- Other names: Phouningthou
- Affiliation: Sanamahism
- Abodes: Paddy fields and granaries
- Symbol: Rice plant
- Gender: Male
- Region: Manipur)
- Ethnic group: Meitei
- Festivals: Lai Haraoba
- Consort: Phouoibi

= Phou Ningthou =

Meitei God of agriculture and crops

Phou Ningthou (ꯐꯧ ꯅꯤꯪꯊꯧ) is a deity in Sanamahism, the indigenous religion of Manipur). He is the God and the divine male personification of the agriculture, crops, fertility, grains, harvesting, rice paddies, rice and wealth. He is the consort of Phouoibi (Phouleima), the goddess of crops and agricultural fertility.

== Worship ==
Phou Ningthou is worshipped with Phouoibi, the goddess of rice. Farmers prayed to the two deities for a doubling of the previous year's yield, after the harvest.
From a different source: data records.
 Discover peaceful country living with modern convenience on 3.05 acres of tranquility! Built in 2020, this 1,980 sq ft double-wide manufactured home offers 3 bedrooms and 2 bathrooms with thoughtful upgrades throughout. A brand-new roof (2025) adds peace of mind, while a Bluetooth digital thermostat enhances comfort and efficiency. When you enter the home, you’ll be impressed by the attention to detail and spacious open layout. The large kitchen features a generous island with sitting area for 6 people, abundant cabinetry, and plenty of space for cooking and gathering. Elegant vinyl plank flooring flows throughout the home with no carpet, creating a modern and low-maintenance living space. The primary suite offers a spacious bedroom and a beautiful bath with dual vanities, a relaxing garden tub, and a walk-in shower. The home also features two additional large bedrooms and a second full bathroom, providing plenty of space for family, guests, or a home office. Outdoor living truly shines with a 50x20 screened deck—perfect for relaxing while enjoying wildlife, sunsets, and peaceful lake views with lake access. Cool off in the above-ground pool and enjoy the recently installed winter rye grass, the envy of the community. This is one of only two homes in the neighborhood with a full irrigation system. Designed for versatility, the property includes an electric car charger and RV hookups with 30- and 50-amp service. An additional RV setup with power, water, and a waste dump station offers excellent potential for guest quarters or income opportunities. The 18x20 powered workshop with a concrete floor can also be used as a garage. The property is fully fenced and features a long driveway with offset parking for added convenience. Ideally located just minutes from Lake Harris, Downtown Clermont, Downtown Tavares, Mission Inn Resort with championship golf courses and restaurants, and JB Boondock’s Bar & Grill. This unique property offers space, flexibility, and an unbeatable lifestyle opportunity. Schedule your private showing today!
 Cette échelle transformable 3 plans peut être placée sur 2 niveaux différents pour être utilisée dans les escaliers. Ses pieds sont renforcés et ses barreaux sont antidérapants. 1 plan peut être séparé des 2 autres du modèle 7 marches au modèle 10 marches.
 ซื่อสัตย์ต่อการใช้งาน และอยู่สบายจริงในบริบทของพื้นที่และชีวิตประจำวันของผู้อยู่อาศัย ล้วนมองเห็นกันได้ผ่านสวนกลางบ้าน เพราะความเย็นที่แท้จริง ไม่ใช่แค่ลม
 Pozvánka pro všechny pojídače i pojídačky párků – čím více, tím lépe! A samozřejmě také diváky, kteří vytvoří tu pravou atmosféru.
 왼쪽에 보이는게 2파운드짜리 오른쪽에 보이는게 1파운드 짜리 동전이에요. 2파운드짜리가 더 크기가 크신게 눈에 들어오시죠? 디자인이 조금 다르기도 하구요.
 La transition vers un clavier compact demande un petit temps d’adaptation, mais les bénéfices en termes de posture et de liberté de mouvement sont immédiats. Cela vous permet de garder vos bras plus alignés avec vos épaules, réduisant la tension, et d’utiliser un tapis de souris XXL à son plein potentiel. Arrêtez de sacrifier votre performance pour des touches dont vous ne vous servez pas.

Phoukourol (Phoukouron or Phougourol or Phougouron) is a sacred hymn to call the spirit of the paddy. It is generally sung during harvesting. It is done before the harvested crops are stored in the grain house.

The Phou Kouba (calling the paddy/rice) ceremony is usually performed during mis-happenings to the farmers. Mis-happenings may be theft or burning of the paddy/rice, an animal like cow trespasses the threshing ground, etc. People perform the rites and rituals to induce the deity to stay at their places.

Sareng (Wallago attu, helicopter catfish) with rice is the most important offering to the deity. It should be cooked with herbs and not with spices.